MILANO (Reuters Breakingviews) - Mario Draghi premier potrebbe dover risolvere un problema di lunga data lasciato in sospeso da lui stesso quando era governatore della Banca d'Italia. Alla guida della banca centrale del Paese tra il 2005 e il 2011, l'ex banchiere di Goldman Sachs ha sostenuto un'ondata di fusioni che ha rafforzato gli istituti di credito ma ha lasciato Monte dei Paschi di Siena in difficoltà. Come capo del prossimo governo, l'opzione meno dolorosa a sua disposizione sarebbe vendere l'istituto di credito toscano, già salvato dallo stato. Se otterra’ la fiducia in parlamento, le priorità immediate di Draghi saranno l'accelerazione del piano vaccinale contro il Covid-19 e la definizione di un piano di spesa per i 209 miliardi di euro di fondi europei assegnati all’Italia. Ma dovra’ gestire anche un dossier noto: trovare una soluzione per Monte Paschi, che è al 64% di proprietà dei contribuenti dopo il salvataggio da 5 miliardi di euro nel 2017.

I guai della banca toscana sono iniziati un decennio prima. Come governatore, Draghi ha incoraggiato il consolidamento bancario nazionale per stimolare la crescita e contrastare la concorrenza delle rivali straniere. Desiderosa di diventare un top player, Monte Paschi nel 2007 acquisì la rivale Antonveneta dalla spagnola Banco Santander per 9 miliardi di euro. Pago’ 17 volte gli utili di Antonveneta, quasi il doppio della media degli istituti di credito italiani all'epoca. Questa acquisizione avventata, aggravata da rischiose scommesse sui derivati e da due crisi finanziarie, ha inferto un colpo fatale per la banca più antica del mondo.

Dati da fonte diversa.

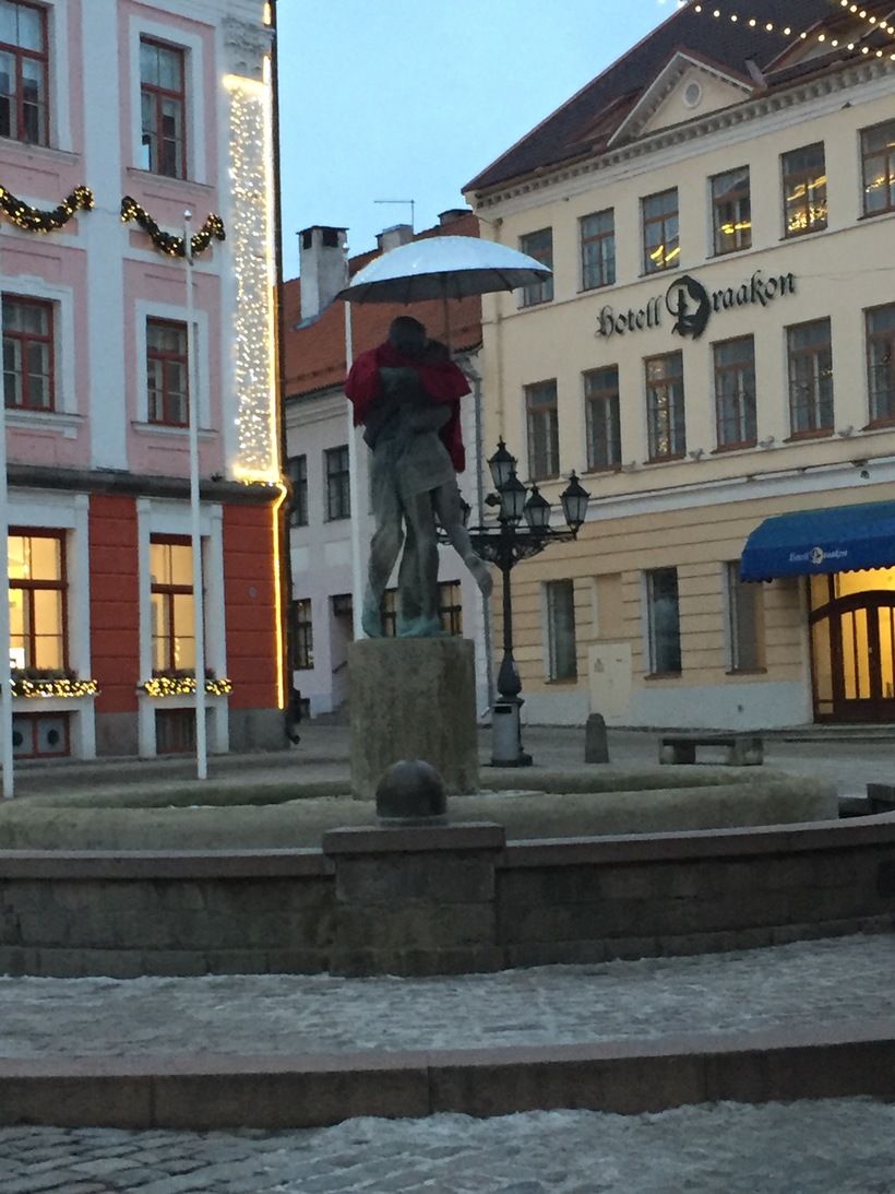 Сразу перед зданием Ратуши расположился очень романтичный фонтан - Целующиеся студенты, ставший символом города. Скульптор создал этот фонтан на основании фотографии племянника и его девушки. Они гуляли под дождем и застыли в поцелуе под уютным зонтом, именно такой фонтан и стоит на Ратушной площади в Тарту. На этой площади назначают свидания, деловые встречи, проходят праздники, организуют свадьбы. Это центр культурной и общественной жизни города.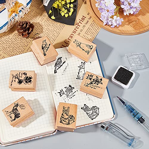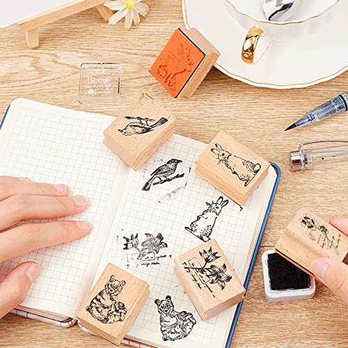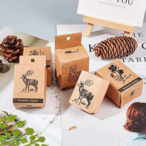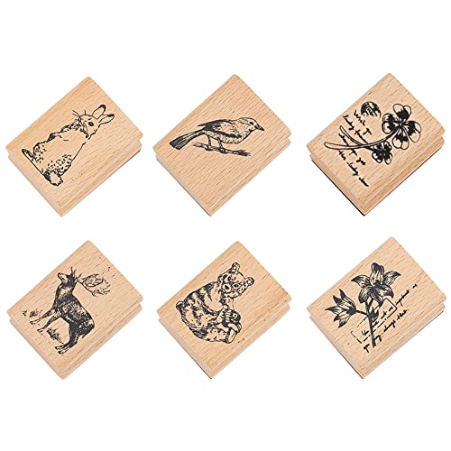NBEADS Timbri in Gomma Animali in Legno, 6 Pz Timbri in Legno con Sigillo in Gomma Modello con Coniglio Orso Uccello Fiore Scoiattolo Renna per Scrapbooking E Decorazione di Carte Fai da Te

Monte Paschi prevede di poter chiudere il prossimo anno in pareggio raccogliendo almeno 2 miliardi di euro di nuovo capitale. Tuttavia, il calo dei tassi di interesse e la concorrenza di rivali più grandi come Intesa Sanpaolo minacciano la capacità della banca di incrementare le entrate. Nonostante massicce cessioni, l'istituto toscano prevede che i crediti deteriorati possano raggiungere il 7,3% dei prestiti totali entro il 2023, costringendola probabilmente a nuove svalutazioni.

Draghi potrebbe usare la sua influenza politica per convincere la Commissione Europea a prorogare il termine entro quale il governo dovra’ cedere la banca. Tuttavia, una vendita a una concorrente domestica come UniCredit, che presto sarà guidata da Andrea Orcel, advisor di Monte Paschi proprio nell'acquisizione di Antonveneta, sarebbe una soluzione più di lungo respiro.

Per attirare i pretendenti, Roma ha gia’ messo sul piatto crediti d'imposta per circa 2,5 miliardi di euro, che potrebbero essere utilizzati per compensare i costi di ristrutturazione. Inoltre, il governo sta lavorando a un piano per liberare Monte Paschi da circa 10 miliardi di euro di cause legali. Preparare la banca per una vendita non costera’ poco, ma eviterebbe ai contribuenti italiani un grattacapo di lunga durata.

(Tradotto da Redazione Danzica, in redazione a Milano Gianluca Semeraro)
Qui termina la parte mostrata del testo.